▸ **Problem to solve**
Your answer must be the listing repeated word for word, without its pictures.

▸ **Dataset section**
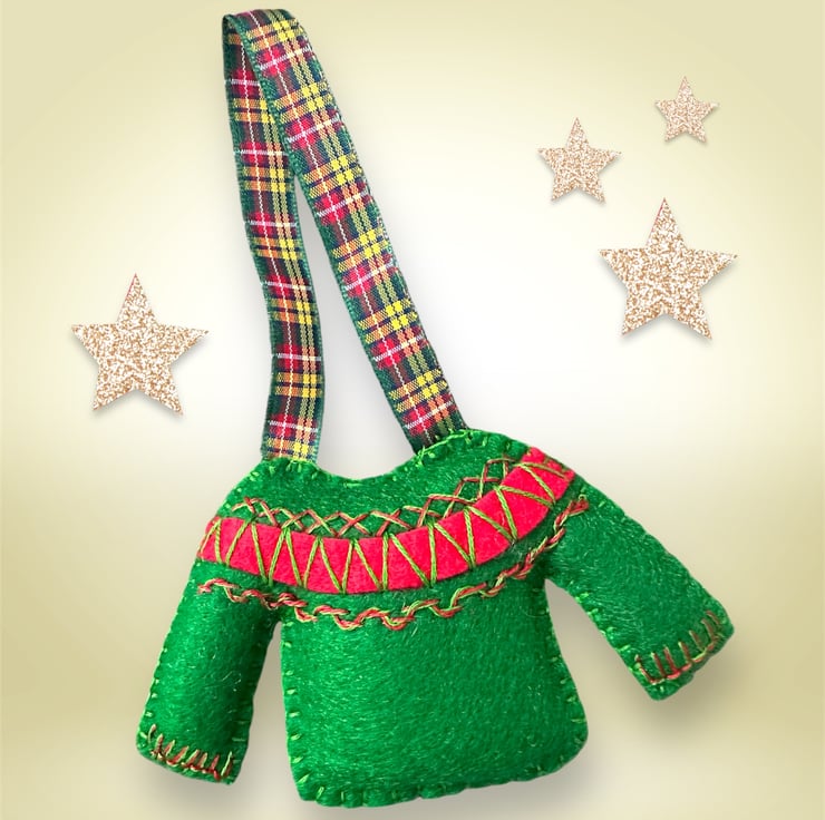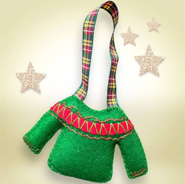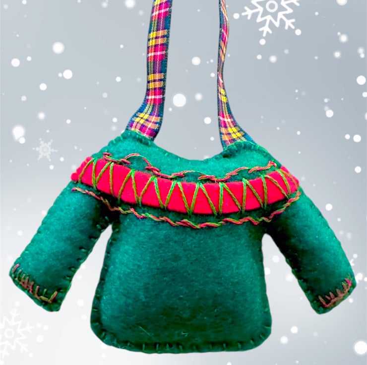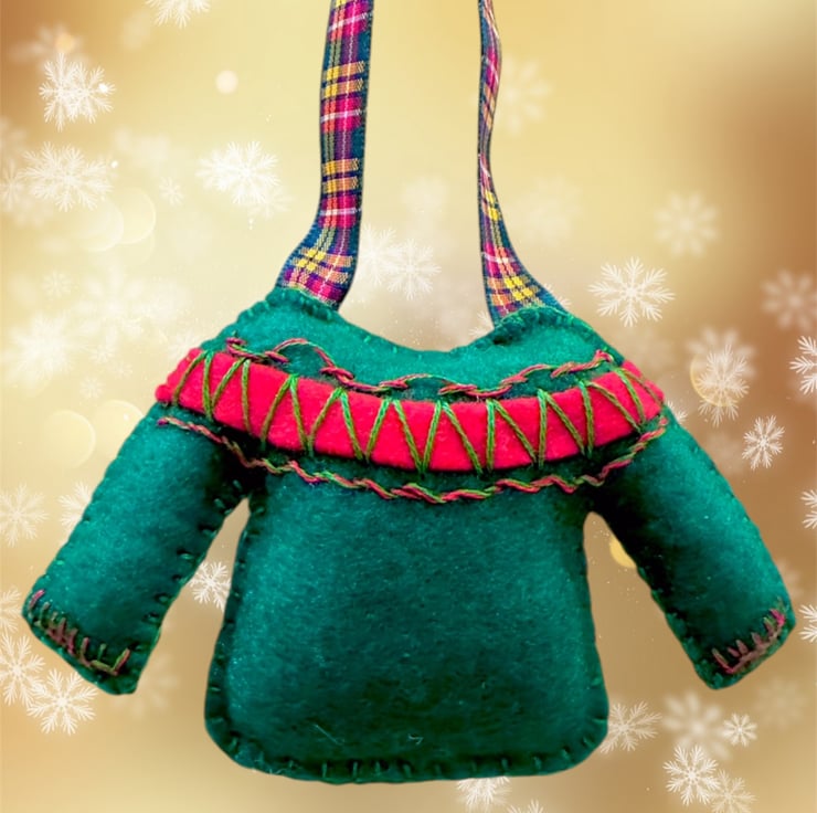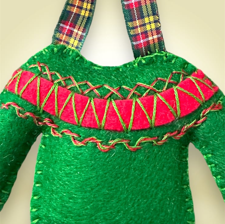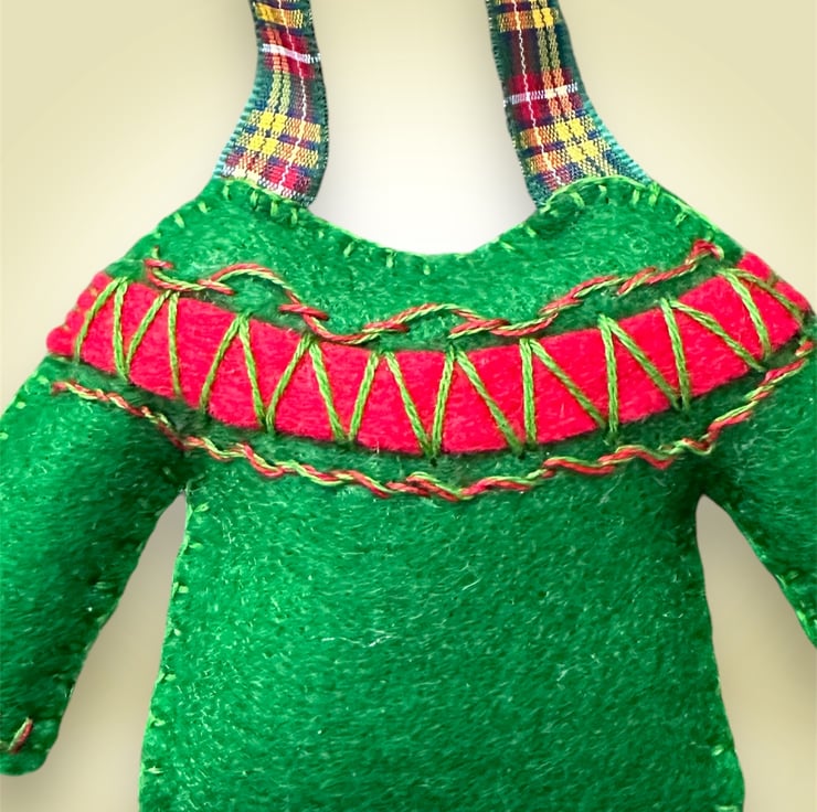 Hand cut and hand embroidered using Premium, high wool content (40%) felt and decorated with embroidery in 2 slightly different fairisle designs with matching tartan ribbons in complementary colours.
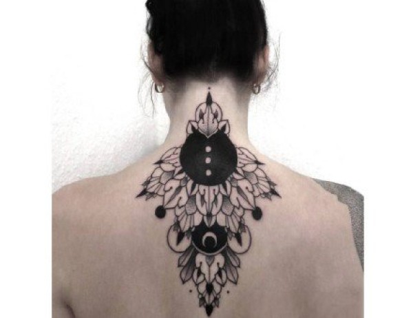 适合女生纹在后背脊柱处的唯美梵花纹身图案
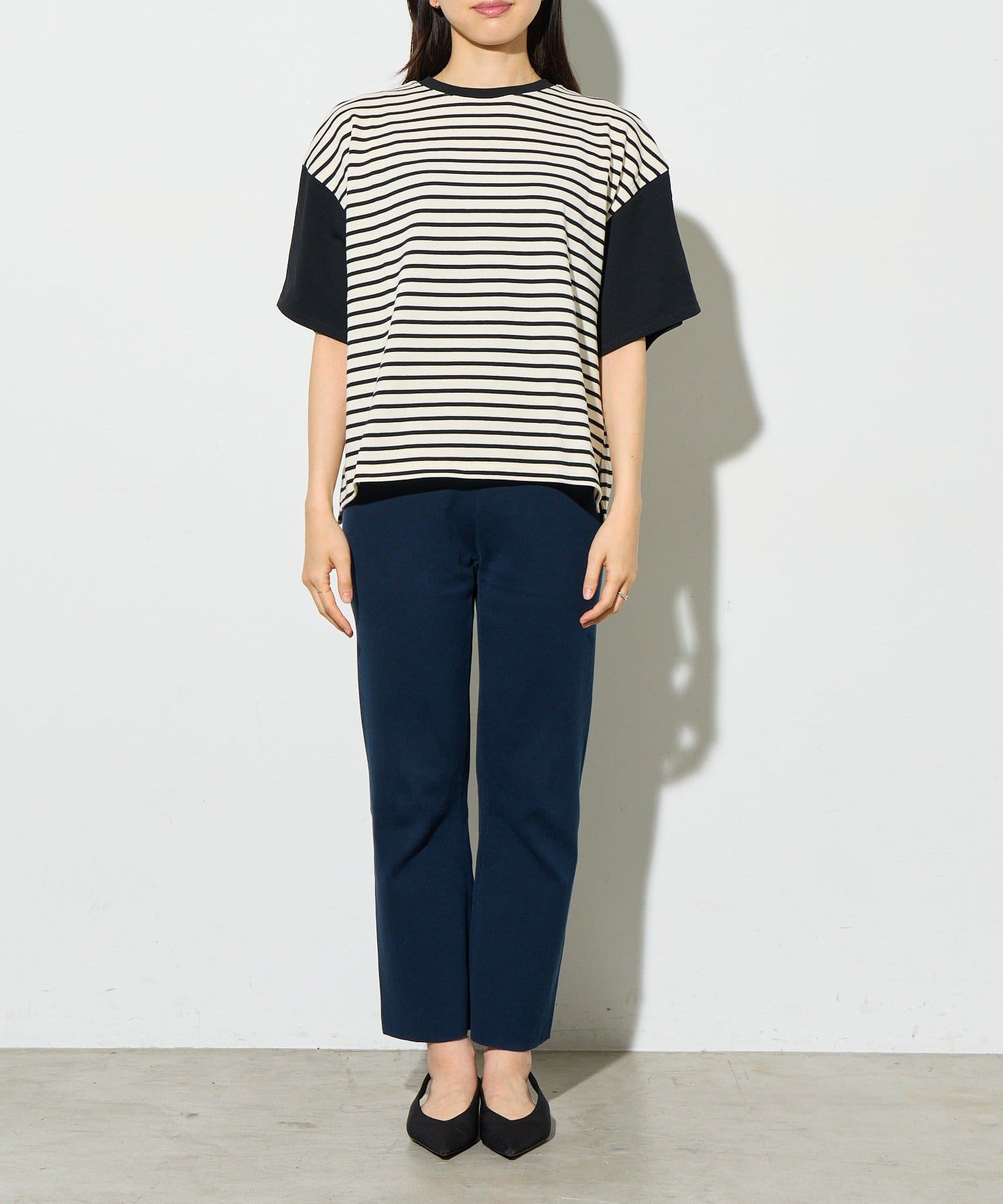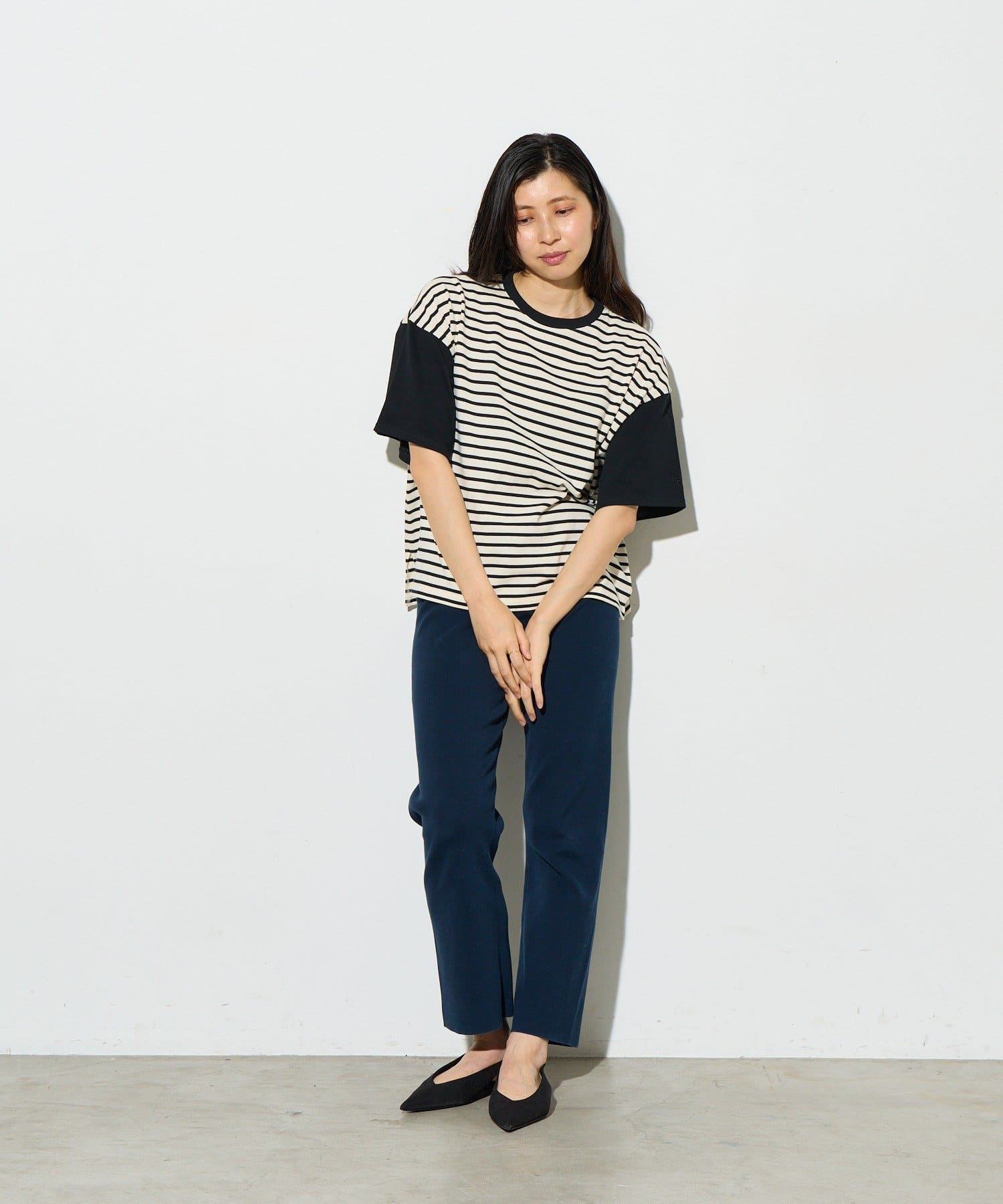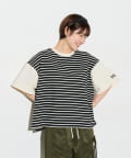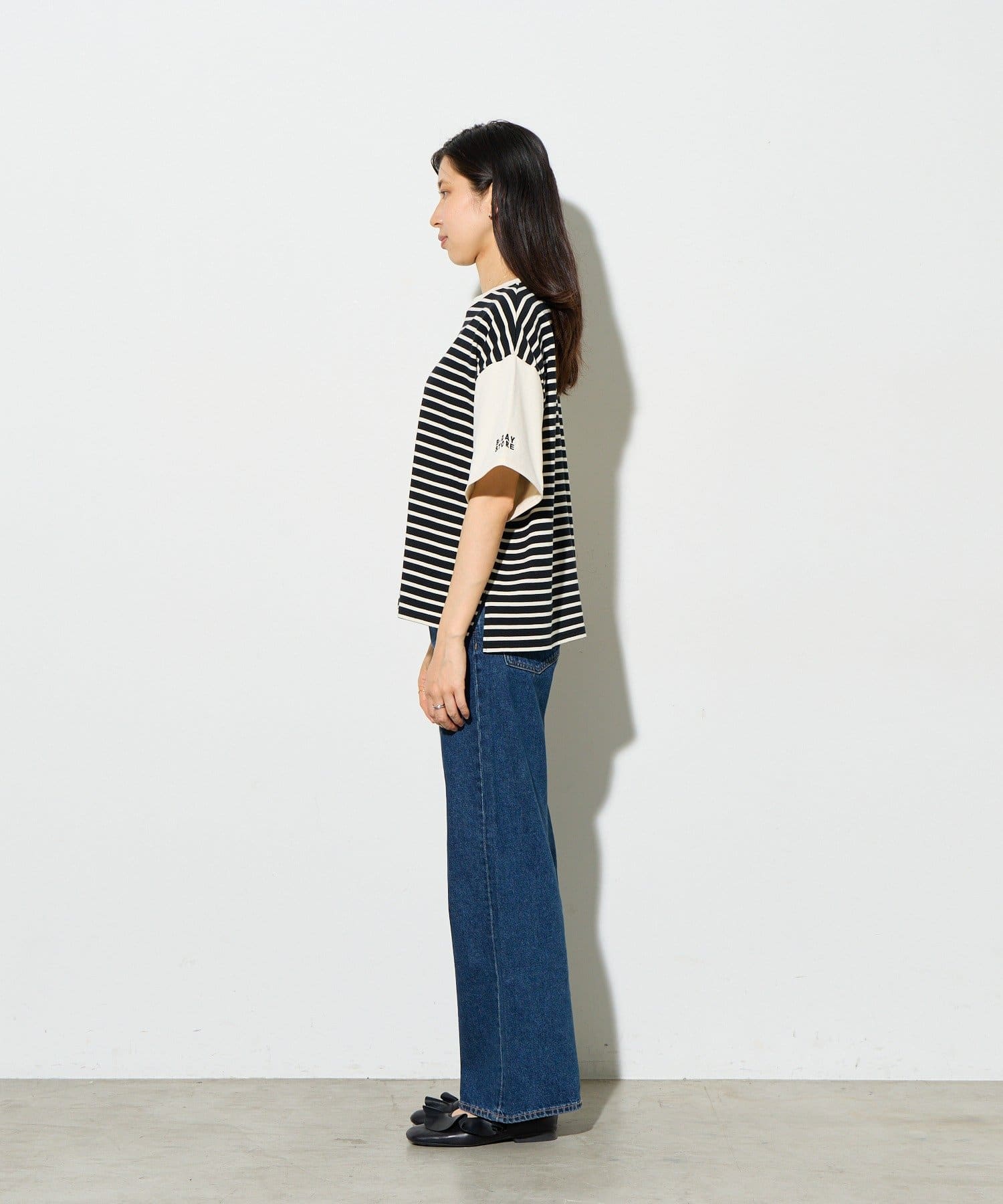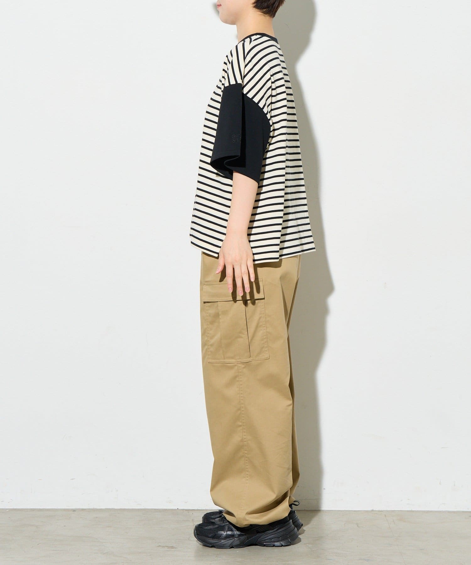 袖部分を大胆に切り替えたスリーブデザインがポイントのボーダー配色のカットソー

▸ **Written reply**
 Hand cut and hand embroidered using Premium, high wool content (40%) felt and decorated with embroidery in 2 slightly different fairisle designs with matching tartan ribbons in complementary colours.
 适合女生纹在后背脊柱处的唯美梵花纹身图案
 袖部分を大胆に切り替えたスリーブデザインがポイントのボーダー配色のカットソー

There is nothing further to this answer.